R.I.P. Eli Wallach (1915-2014)

The news came in late tonight that Eli Wallach, the beloved star of The Good, The Bad, and the Uglypassed away on June 24, 2014. No details are currently available about the cause of death. He was 98 years old.

Although audiences may be most familiar with Eli Wallach’s scene-stealing performance as Tuco Ramirez – a.k.a. “The Ugly” – in Sergio Leone’s classic western, his career spanned over 60 years with award-winning performances in films, television and the stage. He was bestowed with an honorary Academy Award in 2010 for “a lifetime’s worth of indelible screen characters.”

Eli Wallach made his cinematic debut in Elia Kazan’s Baby Doll playing Silva Vacarro, who seduces the 19-year-old title character into betraying her husband, Karl Malden. But he was originally cast in the role of Angelo Maggio in 1953’s From Here to Eternity, a part which was later hastily recast with Frank Sinatra, who would go on to win an Oscar for his performance. The claims that Sinatra used his Mafia connections to get the part would later be dramatized in Francis Ford Coppola’s The Godfather, resulting in a very unfortunate incident with a horse head. Wallach would appear in a later entry of Coppola’s series, The Godfather Part III, in 1990, the same year he co-starred in the sequel to another Oscar-winning picture, The Two Jakes, a sequel to Chinatown.

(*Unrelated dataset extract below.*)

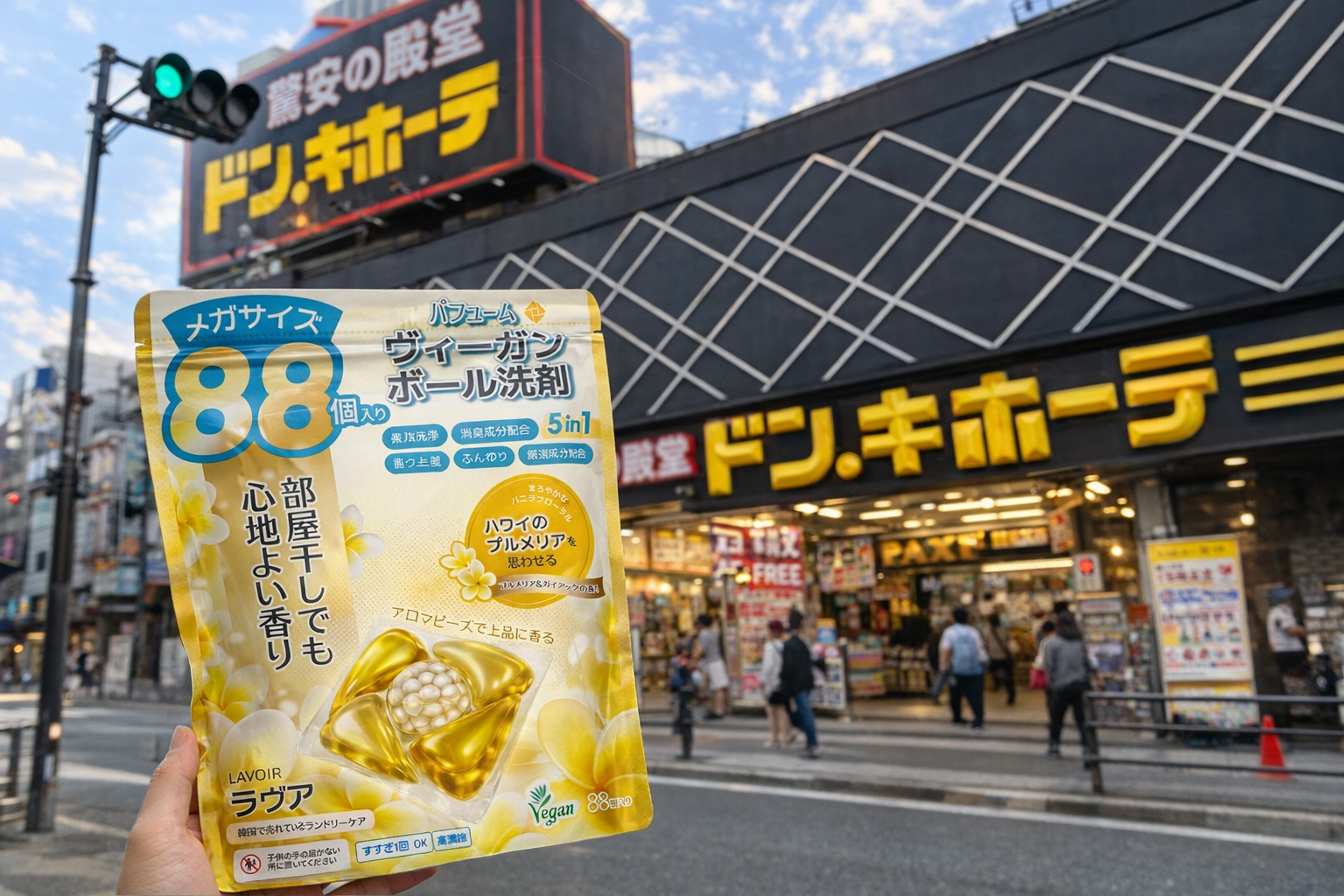 プレミアムヴィーガンライフスタイルブランド「LAVOIR(ラヴア)」は2026年3月30日、ドン・キホーテ全国約500店舗での取り扱いを開始し、新商品「ヴィーガンボール洗剤(プルメリア&ガイアック)88個入り」を先行発売します。価格は3,300円(税込)です。

Over the course of his career Eli Wallach would turn up in many classic and less-than-classic movies, including The Misfits (classic), The Magnificent Seven (classic), How to Steal a Million (classic), The Deep (classic), The Associate (less-than-classic), The Holiday (less-than-classic) and Circle of Iron (less-than-classic, but at least you got to see him bath naked in a cauldron of oil in the middle of a desert). His final feature film performance was in Oliver Stone’s Wall Street: Money Never Sleeps, although his IMDb page lists an as yet unreleased short film, The Train, on his resume as well.

Wallach’s extensive television work also included such popular series as “Kojak,” “Murder, She Wrote,” “Nurse Jackie” and the Adam West “Batman” series, in which he played the supervillain Mr. Freeze over two memorable episodes.

Eli Wallach was a fierce performer who brought more intensity to his roles than could ever be predicted. He was a funny man, a talented actor and a respectable Hollywood personality who will be dearly missed. Our thoughts go out to his wife of 66 years, actress Anne Jackson, and their three children.